While officials in other states have determined exact events and businesses that have generated large clusters of cases, Nevada officials have generally referenced “backyard barbecues” and “family gatherings” as primary causes of new infections. Officials here have yet to publicly identify any specific spreading events or case clusters beyond those at nursing homes and other state-licensed facilities.
Sisolak underscored that his goal was to “keep as many sections of our economy open as possible” while taking an aggressive and targeted approach to curbing the spread of the coronavirus. He cautioned against drawing any hard conclusions from the new data analyses, because they did not pinpoint where disease transmission occurred.
“Someone will give you five, six, 10, 20 places where they’ve visited and they might have contracted the disease, but they can’t specify the one place that it certainly is,” he said. “We have to be very careful to make sure that businesses are not harmed by ‘half information,’ so to speak, being put out there.”
COVID-19 had killed at least 1,200 Nevadans and infected more than 66,000 as of Monday. State health officials have named it one of Nevada’s leading causes of deaths.
Professor Samuel Scarpino, head of Northeastern University’s Emergent Epidemics Lab, said it will be difficult for state and county officials to decide on which kinds of businesses and gatherings to impose tighter restrictions on until they can better determine where transmission is occurring.
“Reading between the lines, it sounds like they don’t know where the cases are coming from, and that means the contact tracing is not working,” he said. “If you’re talking to someone and they don’t know where they got infected, and you can’t connect the chain of transmission. That means the transmission is out of control.”
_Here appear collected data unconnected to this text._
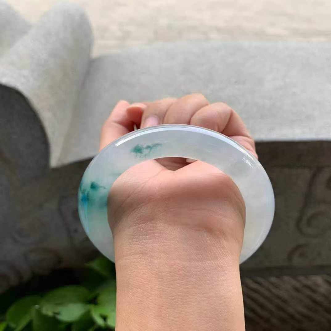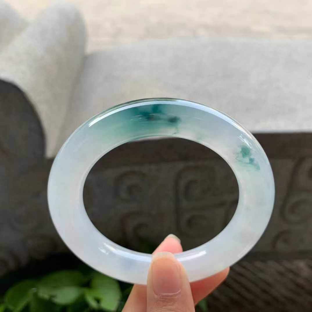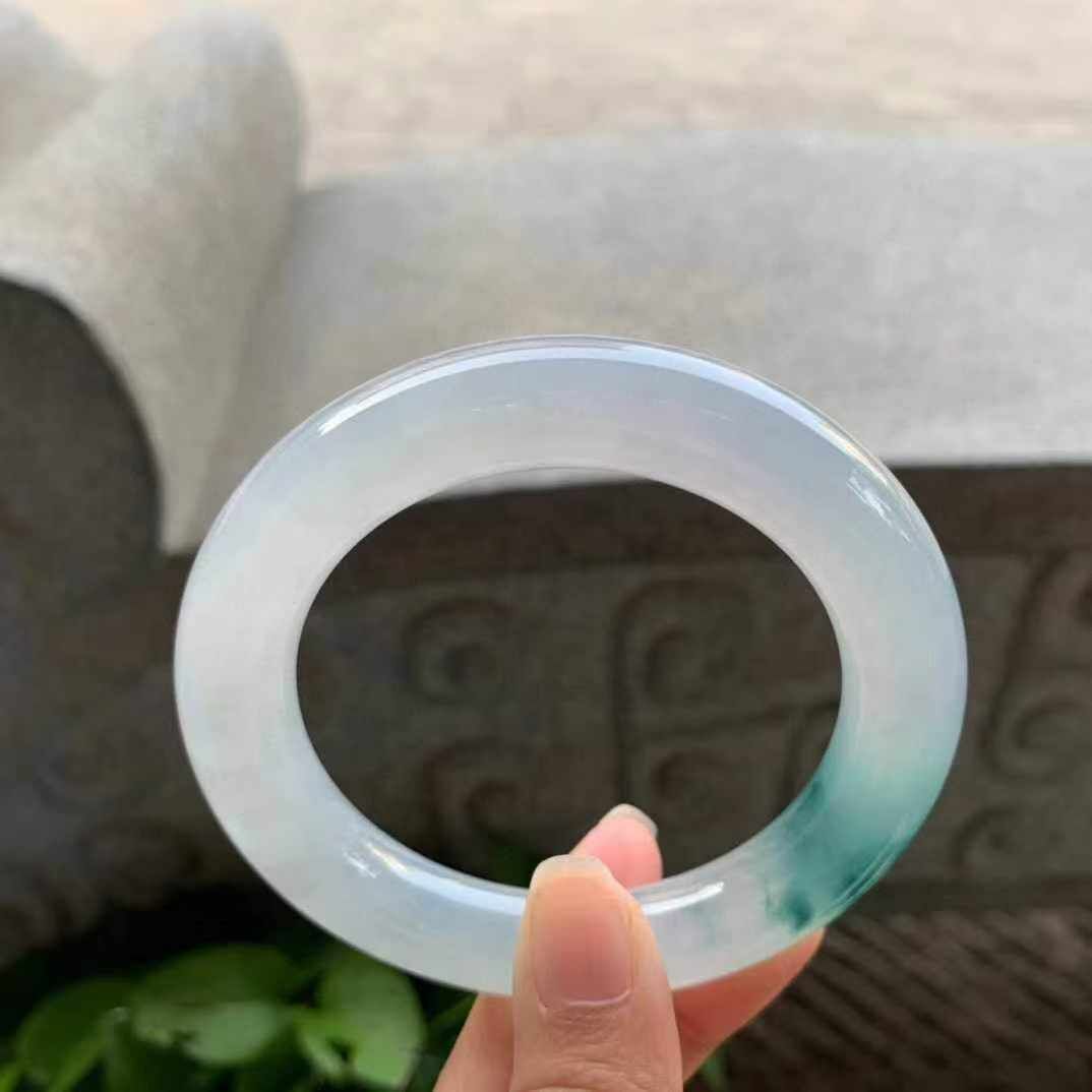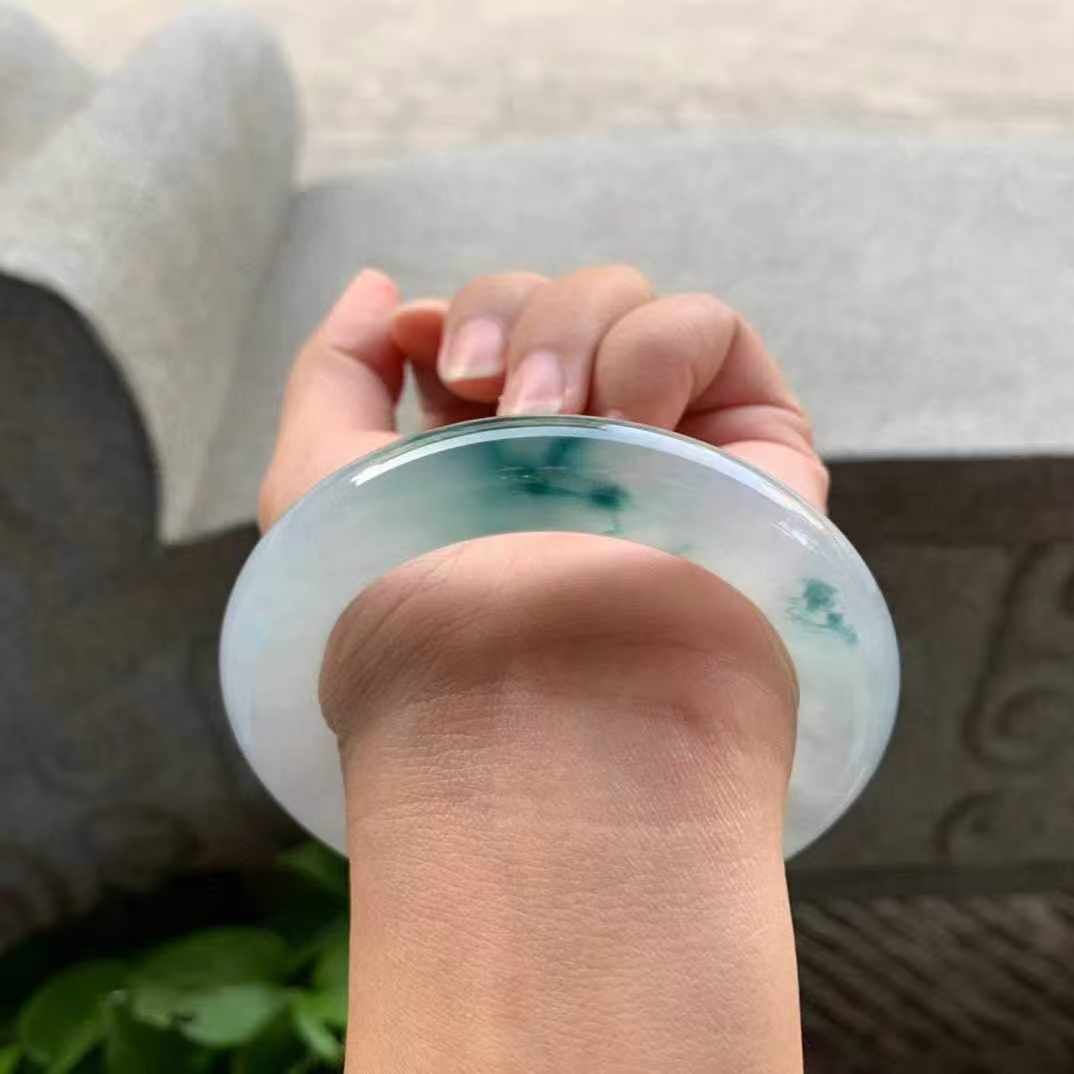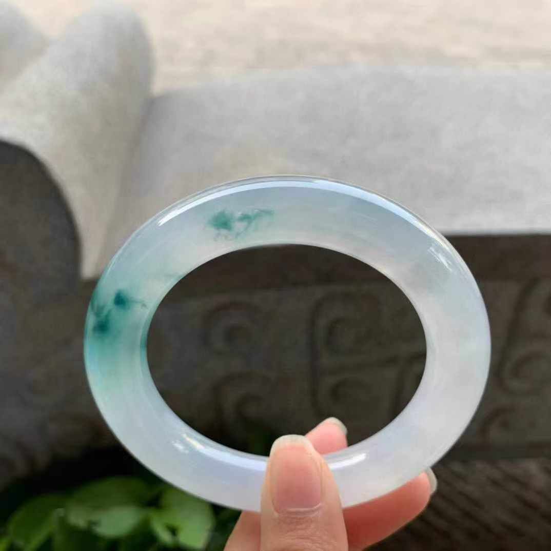1275610 56.7mm翡翠高冰飄花圓條手鐲
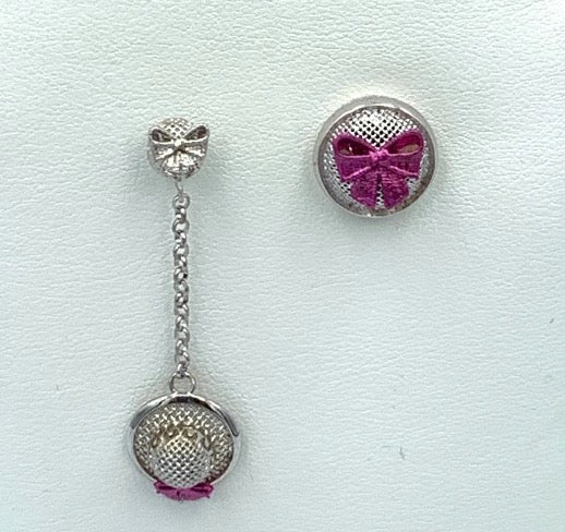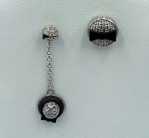 Gli orecchini come in foto si vendono uno corto a lobo con chiusura a farfallina ed uno lungo sempre con chiusura a farfallina.
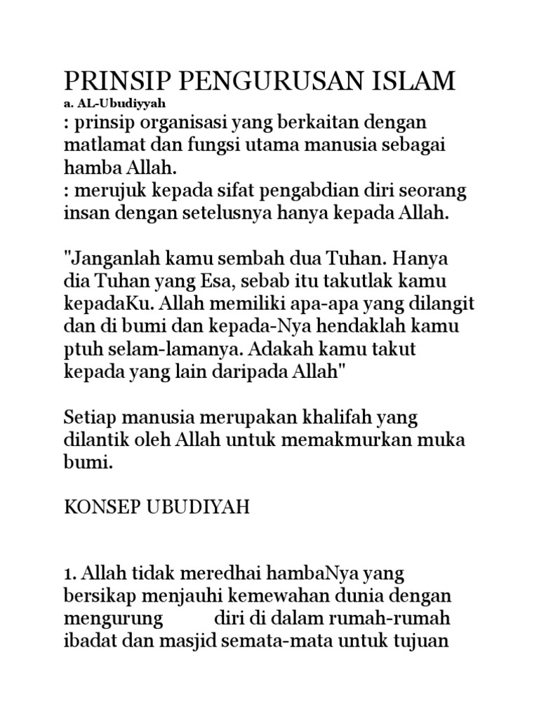 Di peringkat pengurusan organisasi islam menganjurkan kepada satu kaedah pendekatan yang sesuai dan amali. Pengurusan islam menurut muhammad al buraey 1986 pengurusan ialah menyelaraskan tenaga manusia untuk mencapai matlamat kelompok sebagai makhluk sosial yang perlu berinteraksi antara satu sama lain. Dua 2022e folionama pensyarah. Al musawah al musawah atau kata lainnya persamaan merupakan prinsip prinsip pengurusan dalam islam.
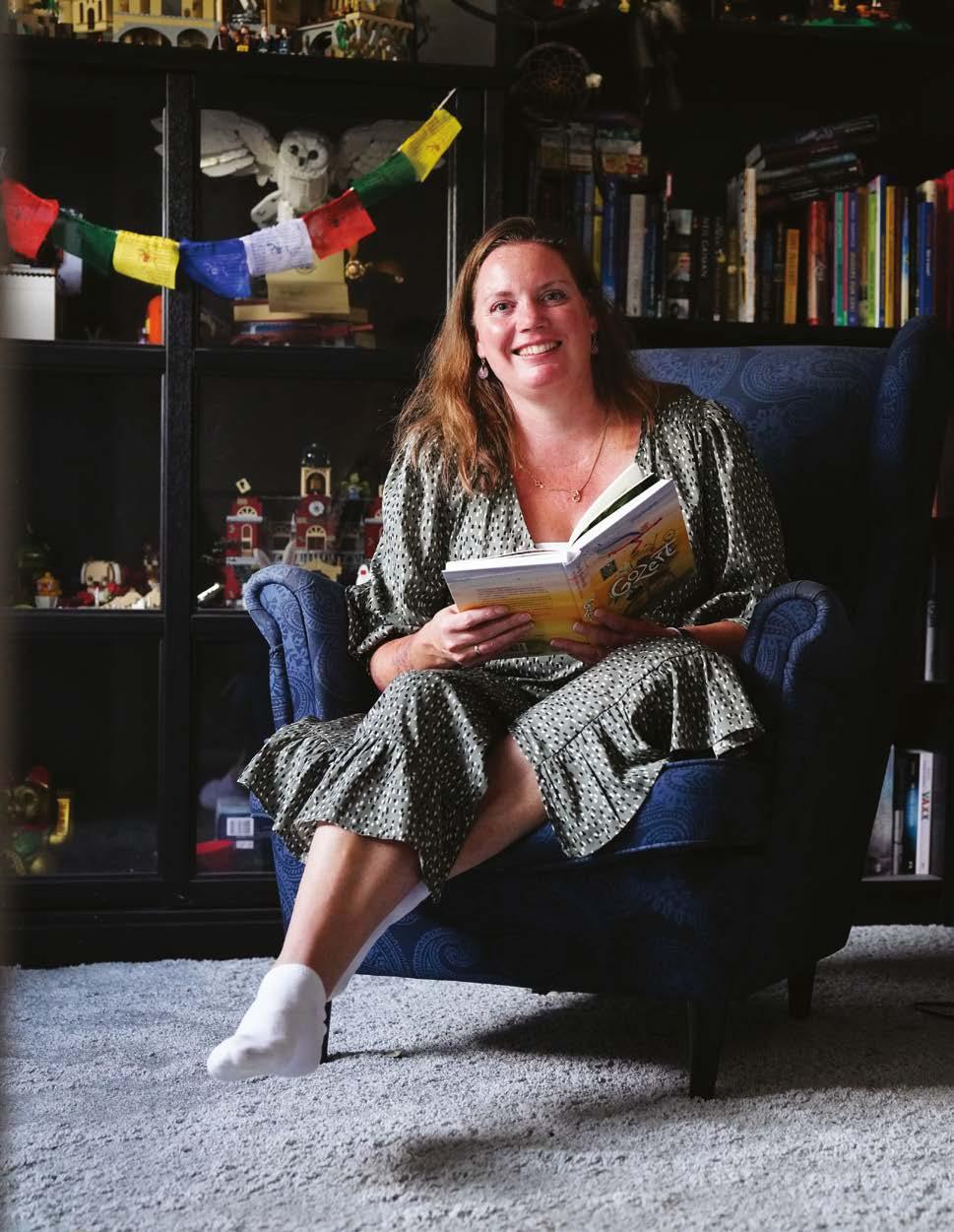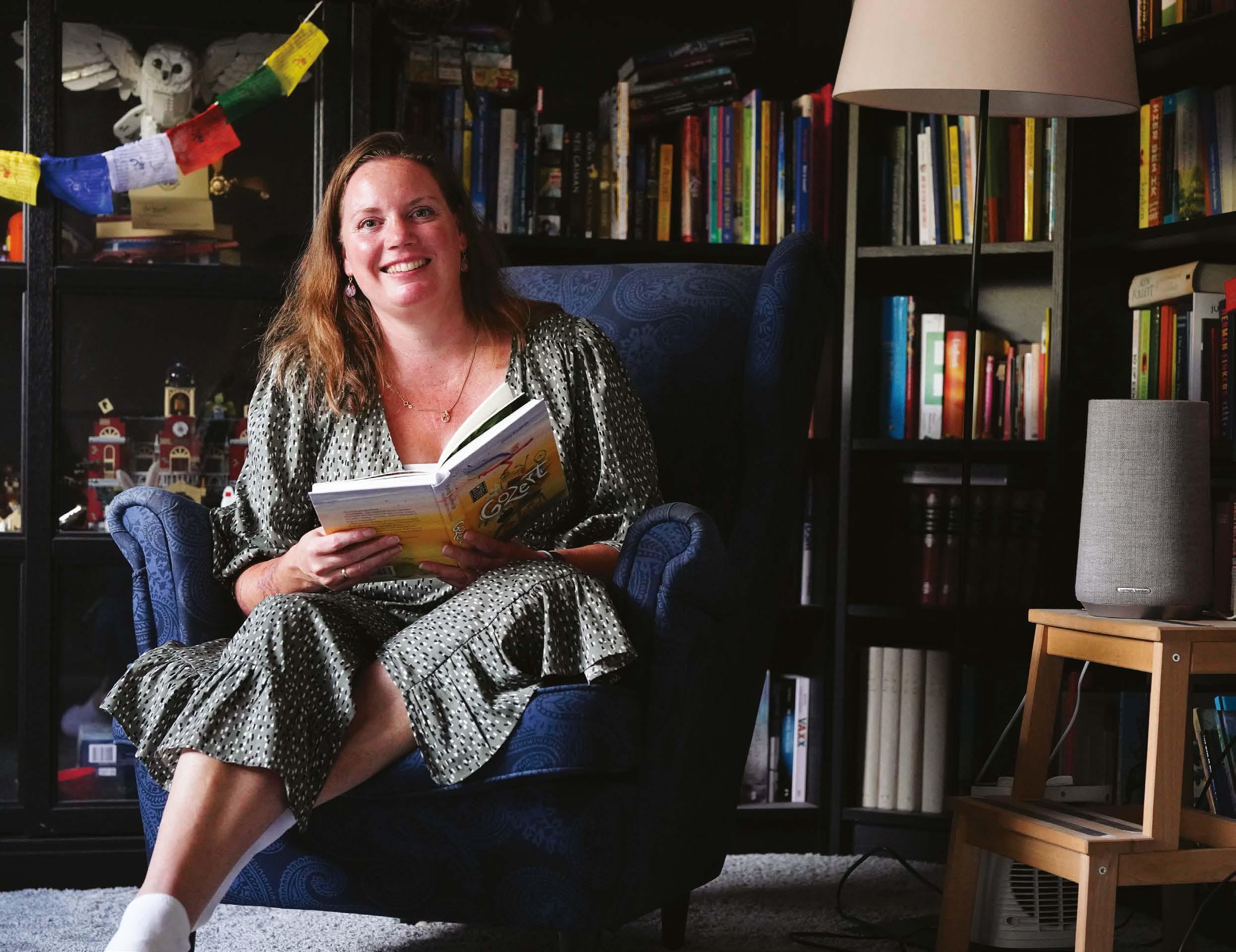 Marjolein heeft verschillende favoriete plekken in huis waar ze graag leest. In het hoekje van de bank, in de tuin of op zolder, voor haar boekenkast. Overal in het huis vind je boeken. ‘Lezen is een manier om even in een andere wereld te kruipen,’ aldus Marjolein. Soms is dat een fantasierijke wereld, zoals bij Harry Potter. Maar ze houdt ook van prentenboeken. Ze geeft de voorkeur aan boeken waarin een diepere laag zit verborgen en leest graag kinder- en jeugdboeken. ‘Boeken kunnen je echt verrassen. Zoals ‘Ik heet Reinier en ons huis is afgebrand’ door Joke van Leeuwen. Een boek voor kinderen. Ik huil vrijwel nooit bij het lezen van een boek, maar dat was een uitzondering!’
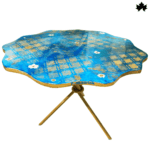 The Ocean Bliss – Artistic Deco Resin Masterpiece Coffee Table is a mesmerizing blend of bold artistry and functional design. Featuring a unique scalloped resin top in deep ocean blue, this table is adorned with intricate golden patterns and delicate floral accents. The sturdy tripod base in metallic gold complements the table’s luxurious aesthetic, making it an ideal centerpiece for any room. Perfect for modern, eclectic, or bohemian interiors, this handcrafted masterpiece will be a conversation starter in any setting.
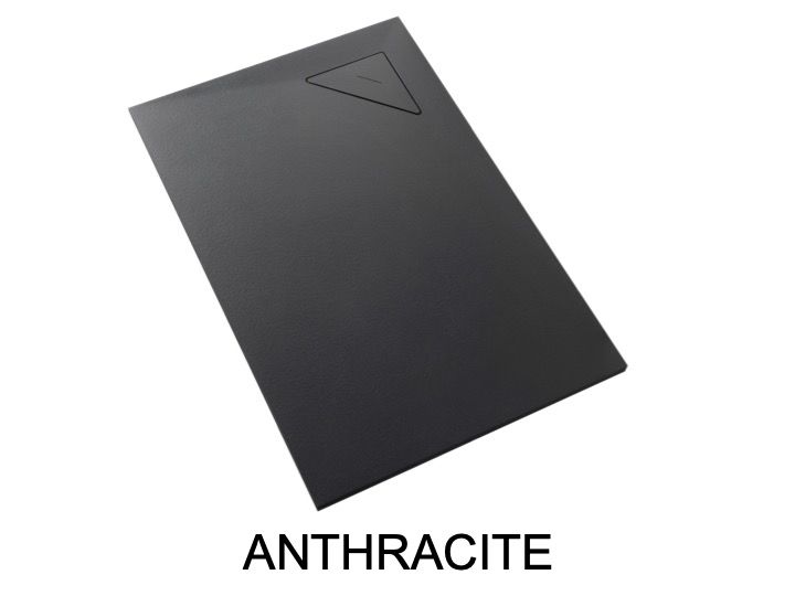 Design-Duschwanne, mit Eckwasserablauf, Siphon in der rechten Ecke bei 17 x 17 cm, Schieferoptik, rutschfest.
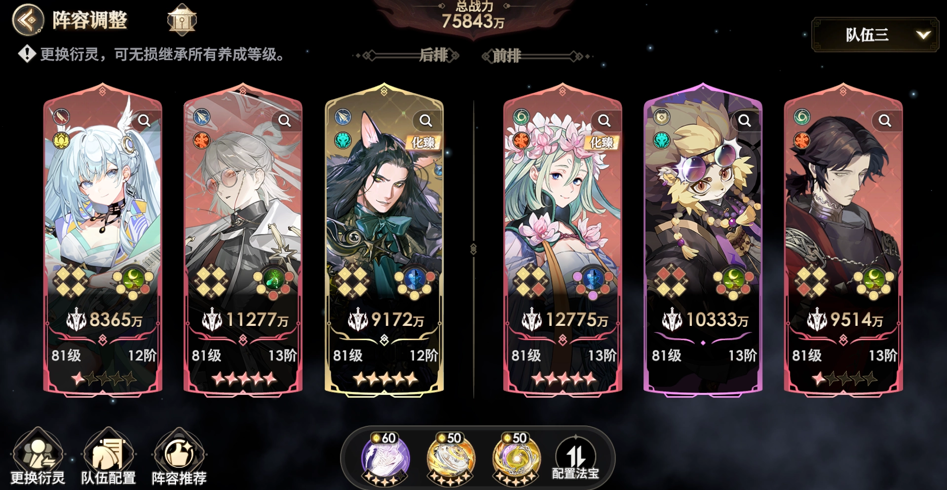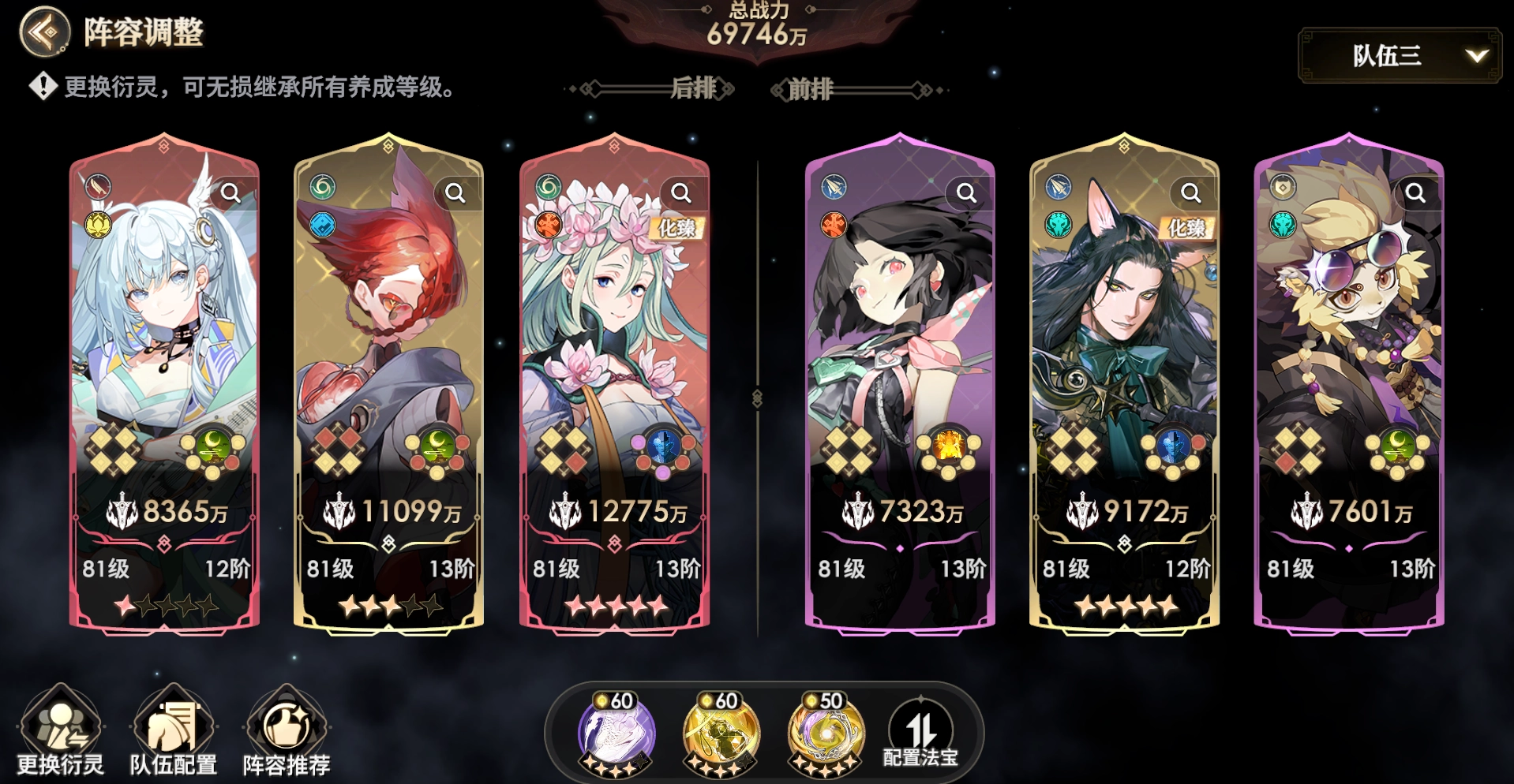 2. 上阵6人选择奎木狼、百花羞、李白、杜甫、黄狮精与妙音鸟,连携全部开启。灵韵推荐如下:奎木狼选“凡心难却”,百花羞选“凡心难却”,李白选“法天象地”,杜甫选“梭罗仙木”,黄狮精选“梭罗仙木”,妙音鸟选“梭罗仙木” 。 配队思路:此阵容着重于对敌方后排进行爆发输出,可快速击杀敌方后排,使其减员,进而形成我方人多、敌方人少的局面,像滚雪球般逐步碾压对手。该配队思路与之前的基本相同,只是攻击目标从敌方前排变为了后排。原因在于,相较于坚实的前排,后排较为脆弱,更易达成“滚雪球”的效果。而且,这套阵容的前排坦度比之前那套更高,输出集中在后排,能有效避免我方角色突然死亡,容错率也随之提高。
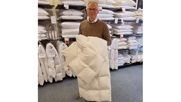 Hos Fjerrenseriet på Østergade 24 i Hjørring, finder du lige nu dyner og puder til en ekstraordinært lav pris. Indehaver Claus Penderup forklarer entusiastisk: "Vi har en fantastisk pris på to forskellige dyner og puder fra Ringsted Dun, hvor du simpelthen får Danmarks laveste priser."
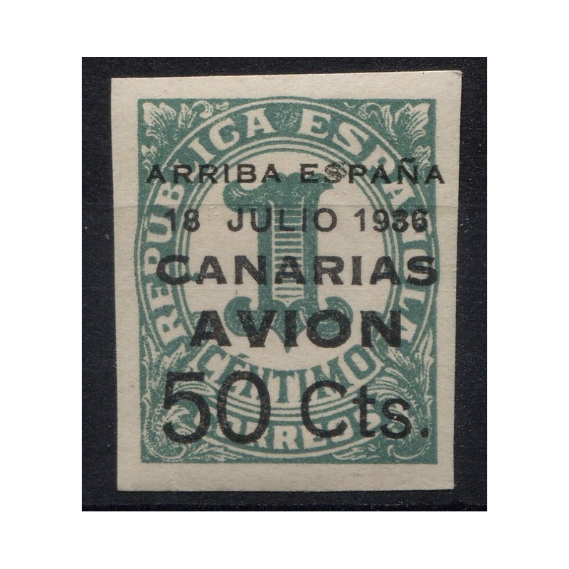 Canarias, air mail surcharge, 50c on 1c Edifil 20, MNH
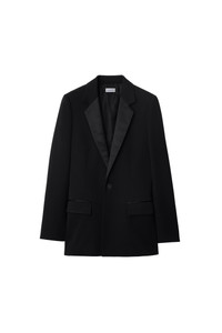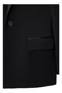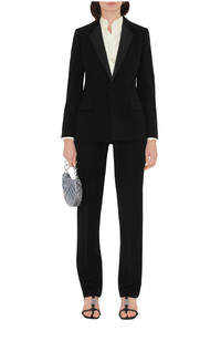 A tuxedo jacket made in Italy from grain de poudre wool, tailored to a slim fit. The style is fully lined and framed with silk lapels.||Single-breasted button closure|Notch lapels|Side flap pockets|Single vent |Fully lined, full-canvas construction, padded shoulder |Comes with a garment bag Slim fit: this style is cut to a fitted silhouette. Fits true to size, take your normal size. Length: 74cm/29.1in (size UK 8) Model’s height: 180cm/5ft 11in. Model wears size UK 8 Outer: 100% wool Trims: 100% polyester; 100% silk Lining: 100% cupro Sleeve lining: 100% viscose Specialist dry clean Made in Italy

The state has not released the data analyses because officials are further vetting them, Nevada Department of Health and Human Services deputy administrator Julia Peek said Monday. That includes comparing the data analysis to businesses that have violated COVID-19-related health and safety guidelines.
Scarpino said there is value in publishing data on possible exposure sites, especially if one particular business has seen a relatively large number of infected people. However, he agreed that the information has shortcomings.
“You’re going to have lots of businesses show up on this list because lots of people go to them, not necessarily because those are the high-risk transmission places,” he said.
Scarpino praised state officials for launching an app, named COVID Trace, to bolster contact tracing. Users of the app are notified if another user who was recently near them tests positive for COVID-19.
Peek encouraged all residents and visitors to the state to download COVID Trace. She pledged it would keep users’ identifying information confidential.
“The more people we get the more effective the app will be,” she said.